6 Reference populations analysis

In this chapter, we will see how to compare the uploaded populations to reference populations (based on allele frequencies).

6.1 MDS on reference frequencies

STRAF implements an MDS computation based on allele frequency data. By default, allele frequencies from the STRiDER database (Bodner et al. 2016) are used (loci with less than 10 populations have been excluded). If you are not familiar with the MDS method and interpretation, you can find details in Chapter 4.

You can see the output of the MDS in the Reference population tab. It includes the MDS projection in two dimensions for 19 European populations, as well as the population tree.

The drop-down menu below the plots allows one to select or unselect populations to be used in the MDS analysis.

Provided that some loci are in common between the reference allele frequencies and the genotypes you uploaded, it is possible to add your own populations to the existing MDS by checking the Include uploaded data to the MDS box.

You will then see your populations added to the MDS plots.
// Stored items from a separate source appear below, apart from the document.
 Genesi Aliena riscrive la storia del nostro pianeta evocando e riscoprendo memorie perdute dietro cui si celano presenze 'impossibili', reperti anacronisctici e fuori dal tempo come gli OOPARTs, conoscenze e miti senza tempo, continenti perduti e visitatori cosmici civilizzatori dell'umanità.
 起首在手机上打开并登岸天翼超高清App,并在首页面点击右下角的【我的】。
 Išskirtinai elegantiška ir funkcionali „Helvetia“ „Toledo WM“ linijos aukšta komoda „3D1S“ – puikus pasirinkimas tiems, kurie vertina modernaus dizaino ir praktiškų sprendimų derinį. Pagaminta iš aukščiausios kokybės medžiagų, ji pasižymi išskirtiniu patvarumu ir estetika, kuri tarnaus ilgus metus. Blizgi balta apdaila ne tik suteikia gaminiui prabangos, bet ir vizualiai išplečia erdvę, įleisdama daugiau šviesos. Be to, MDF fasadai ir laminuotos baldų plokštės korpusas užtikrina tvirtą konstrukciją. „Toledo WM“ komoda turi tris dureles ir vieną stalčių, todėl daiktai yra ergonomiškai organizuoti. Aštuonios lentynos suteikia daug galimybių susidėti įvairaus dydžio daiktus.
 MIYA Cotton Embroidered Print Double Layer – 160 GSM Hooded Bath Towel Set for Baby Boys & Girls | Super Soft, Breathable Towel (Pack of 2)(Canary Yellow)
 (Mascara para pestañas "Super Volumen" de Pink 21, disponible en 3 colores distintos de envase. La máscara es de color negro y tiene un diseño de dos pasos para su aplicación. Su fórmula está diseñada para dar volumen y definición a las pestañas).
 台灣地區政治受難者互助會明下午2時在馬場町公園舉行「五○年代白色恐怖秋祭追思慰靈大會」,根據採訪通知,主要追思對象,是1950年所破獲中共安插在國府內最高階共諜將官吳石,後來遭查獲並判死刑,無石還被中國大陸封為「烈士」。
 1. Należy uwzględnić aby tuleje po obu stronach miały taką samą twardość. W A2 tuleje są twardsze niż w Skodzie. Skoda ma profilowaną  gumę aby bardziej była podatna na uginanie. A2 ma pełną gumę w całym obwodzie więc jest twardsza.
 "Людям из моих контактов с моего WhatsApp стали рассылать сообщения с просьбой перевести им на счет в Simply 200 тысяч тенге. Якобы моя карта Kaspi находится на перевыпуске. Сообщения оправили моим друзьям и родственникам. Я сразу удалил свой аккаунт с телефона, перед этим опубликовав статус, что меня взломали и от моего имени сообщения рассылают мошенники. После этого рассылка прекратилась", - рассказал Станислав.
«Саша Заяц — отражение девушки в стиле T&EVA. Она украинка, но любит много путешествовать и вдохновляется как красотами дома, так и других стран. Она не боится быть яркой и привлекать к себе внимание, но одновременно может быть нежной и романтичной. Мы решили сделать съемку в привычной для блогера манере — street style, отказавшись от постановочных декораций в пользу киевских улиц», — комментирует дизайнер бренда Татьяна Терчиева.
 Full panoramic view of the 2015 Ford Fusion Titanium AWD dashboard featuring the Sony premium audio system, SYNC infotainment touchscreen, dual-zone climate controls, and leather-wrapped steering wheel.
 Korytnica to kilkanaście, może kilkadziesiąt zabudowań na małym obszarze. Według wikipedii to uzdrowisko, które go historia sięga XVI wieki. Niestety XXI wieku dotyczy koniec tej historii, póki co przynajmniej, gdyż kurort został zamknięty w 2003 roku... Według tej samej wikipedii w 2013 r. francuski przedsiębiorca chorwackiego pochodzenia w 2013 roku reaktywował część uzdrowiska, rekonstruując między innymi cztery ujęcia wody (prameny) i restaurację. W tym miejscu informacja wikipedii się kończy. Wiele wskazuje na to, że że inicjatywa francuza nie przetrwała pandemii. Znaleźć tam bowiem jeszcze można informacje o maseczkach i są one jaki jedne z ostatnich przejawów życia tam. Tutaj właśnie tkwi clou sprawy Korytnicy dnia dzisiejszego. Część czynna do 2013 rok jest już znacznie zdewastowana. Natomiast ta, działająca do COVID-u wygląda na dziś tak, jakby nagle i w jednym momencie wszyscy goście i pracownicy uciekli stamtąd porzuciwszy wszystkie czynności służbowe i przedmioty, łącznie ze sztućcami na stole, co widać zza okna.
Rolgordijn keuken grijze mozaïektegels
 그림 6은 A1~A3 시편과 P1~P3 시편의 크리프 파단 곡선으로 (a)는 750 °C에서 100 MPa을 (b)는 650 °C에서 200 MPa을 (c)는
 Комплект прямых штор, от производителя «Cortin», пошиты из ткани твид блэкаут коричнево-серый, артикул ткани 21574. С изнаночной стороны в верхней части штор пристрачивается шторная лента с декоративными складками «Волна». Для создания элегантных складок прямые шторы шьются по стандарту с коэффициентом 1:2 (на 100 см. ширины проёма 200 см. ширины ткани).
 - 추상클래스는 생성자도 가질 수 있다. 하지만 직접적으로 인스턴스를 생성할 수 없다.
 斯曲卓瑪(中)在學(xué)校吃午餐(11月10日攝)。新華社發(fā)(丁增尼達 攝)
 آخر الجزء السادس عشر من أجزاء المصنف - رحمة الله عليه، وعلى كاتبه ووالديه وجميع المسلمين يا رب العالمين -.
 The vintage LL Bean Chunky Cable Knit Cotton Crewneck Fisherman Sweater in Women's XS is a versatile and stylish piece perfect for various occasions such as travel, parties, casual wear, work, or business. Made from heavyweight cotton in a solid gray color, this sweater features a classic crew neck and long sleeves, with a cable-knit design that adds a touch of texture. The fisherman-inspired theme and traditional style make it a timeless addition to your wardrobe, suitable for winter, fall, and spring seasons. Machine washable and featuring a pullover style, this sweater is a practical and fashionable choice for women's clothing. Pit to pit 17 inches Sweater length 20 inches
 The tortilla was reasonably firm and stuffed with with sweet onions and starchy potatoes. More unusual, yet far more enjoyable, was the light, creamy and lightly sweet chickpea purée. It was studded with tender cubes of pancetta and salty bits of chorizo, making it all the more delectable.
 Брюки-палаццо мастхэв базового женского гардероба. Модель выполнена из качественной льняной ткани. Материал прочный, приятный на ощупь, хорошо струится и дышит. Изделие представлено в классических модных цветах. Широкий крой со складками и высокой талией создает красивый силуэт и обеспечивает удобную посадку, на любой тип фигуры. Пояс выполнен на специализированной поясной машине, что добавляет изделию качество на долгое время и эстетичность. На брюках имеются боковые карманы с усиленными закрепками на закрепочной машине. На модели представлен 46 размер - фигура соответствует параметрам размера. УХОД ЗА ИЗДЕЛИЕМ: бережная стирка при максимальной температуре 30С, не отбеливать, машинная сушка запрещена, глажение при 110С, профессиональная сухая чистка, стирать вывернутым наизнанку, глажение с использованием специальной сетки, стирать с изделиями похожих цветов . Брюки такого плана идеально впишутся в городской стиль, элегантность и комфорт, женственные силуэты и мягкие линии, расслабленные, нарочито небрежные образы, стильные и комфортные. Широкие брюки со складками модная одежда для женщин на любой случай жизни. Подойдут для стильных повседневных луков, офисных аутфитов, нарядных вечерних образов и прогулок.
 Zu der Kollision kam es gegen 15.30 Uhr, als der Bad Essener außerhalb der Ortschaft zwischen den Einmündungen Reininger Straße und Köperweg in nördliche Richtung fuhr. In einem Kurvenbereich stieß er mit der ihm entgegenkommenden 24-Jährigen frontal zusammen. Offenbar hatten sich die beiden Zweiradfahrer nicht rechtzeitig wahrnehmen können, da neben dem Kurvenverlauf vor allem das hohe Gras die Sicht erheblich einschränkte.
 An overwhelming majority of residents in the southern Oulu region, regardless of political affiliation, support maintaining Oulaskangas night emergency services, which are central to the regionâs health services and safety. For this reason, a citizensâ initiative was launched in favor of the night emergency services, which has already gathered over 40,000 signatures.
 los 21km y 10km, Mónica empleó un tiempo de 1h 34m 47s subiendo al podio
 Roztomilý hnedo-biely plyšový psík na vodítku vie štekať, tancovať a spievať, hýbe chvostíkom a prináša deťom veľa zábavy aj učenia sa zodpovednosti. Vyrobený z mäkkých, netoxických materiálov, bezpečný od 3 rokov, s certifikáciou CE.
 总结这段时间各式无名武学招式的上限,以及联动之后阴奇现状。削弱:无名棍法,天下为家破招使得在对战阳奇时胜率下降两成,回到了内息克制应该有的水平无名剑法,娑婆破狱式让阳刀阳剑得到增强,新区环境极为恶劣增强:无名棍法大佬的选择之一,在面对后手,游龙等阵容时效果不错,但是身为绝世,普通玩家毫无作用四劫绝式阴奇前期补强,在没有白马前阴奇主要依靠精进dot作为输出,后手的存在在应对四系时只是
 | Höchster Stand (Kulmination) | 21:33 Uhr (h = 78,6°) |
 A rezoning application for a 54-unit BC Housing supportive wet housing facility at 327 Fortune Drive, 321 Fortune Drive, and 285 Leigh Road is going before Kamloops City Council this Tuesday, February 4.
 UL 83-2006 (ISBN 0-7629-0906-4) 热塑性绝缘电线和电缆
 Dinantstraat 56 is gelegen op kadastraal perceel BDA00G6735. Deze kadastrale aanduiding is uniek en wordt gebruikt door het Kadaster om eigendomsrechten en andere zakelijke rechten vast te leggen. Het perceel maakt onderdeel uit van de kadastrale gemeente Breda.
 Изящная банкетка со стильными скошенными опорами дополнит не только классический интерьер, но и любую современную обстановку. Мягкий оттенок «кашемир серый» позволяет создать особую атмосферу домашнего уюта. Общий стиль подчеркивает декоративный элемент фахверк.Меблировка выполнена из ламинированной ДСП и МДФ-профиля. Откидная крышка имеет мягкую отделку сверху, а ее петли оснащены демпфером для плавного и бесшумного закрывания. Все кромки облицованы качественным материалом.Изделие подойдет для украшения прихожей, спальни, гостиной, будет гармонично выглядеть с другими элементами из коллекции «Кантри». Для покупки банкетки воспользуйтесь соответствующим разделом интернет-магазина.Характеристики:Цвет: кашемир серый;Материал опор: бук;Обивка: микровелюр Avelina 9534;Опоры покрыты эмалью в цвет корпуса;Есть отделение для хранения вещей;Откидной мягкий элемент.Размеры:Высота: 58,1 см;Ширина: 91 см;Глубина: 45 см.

6.2 Preparing a custom allele frequency database

If you want to use other reference databases than STRIDER, for example if you’re working with non-European samples or with different loci, it is possible to upload a custom allele frequency database in STRAF.

The data must be formatted as follows:

D1S1656
Allele Switzerland Germany France
9 0.12 0.09 0
10 0.40 0.35 0.28
10.2 0.31 0.41 0.5
11 0.17 0.15 0.22
D2S1338
Allele Switzerland Germany France
19 0.40 0.38 0.42
20 0.29 0.26 0.28
21 0.31 0.36 0.3

Starting from an Excel file for example, we can start with a spreadsheet that looks like this:

Then, one simply needs to save this table as a CSV (Comma-Separated Values) file. This can be achieved by clicking on Save As > CSV (Comma-delimited) (*.csv).

Then, you can upload your data and use it as described for the STRIDER database.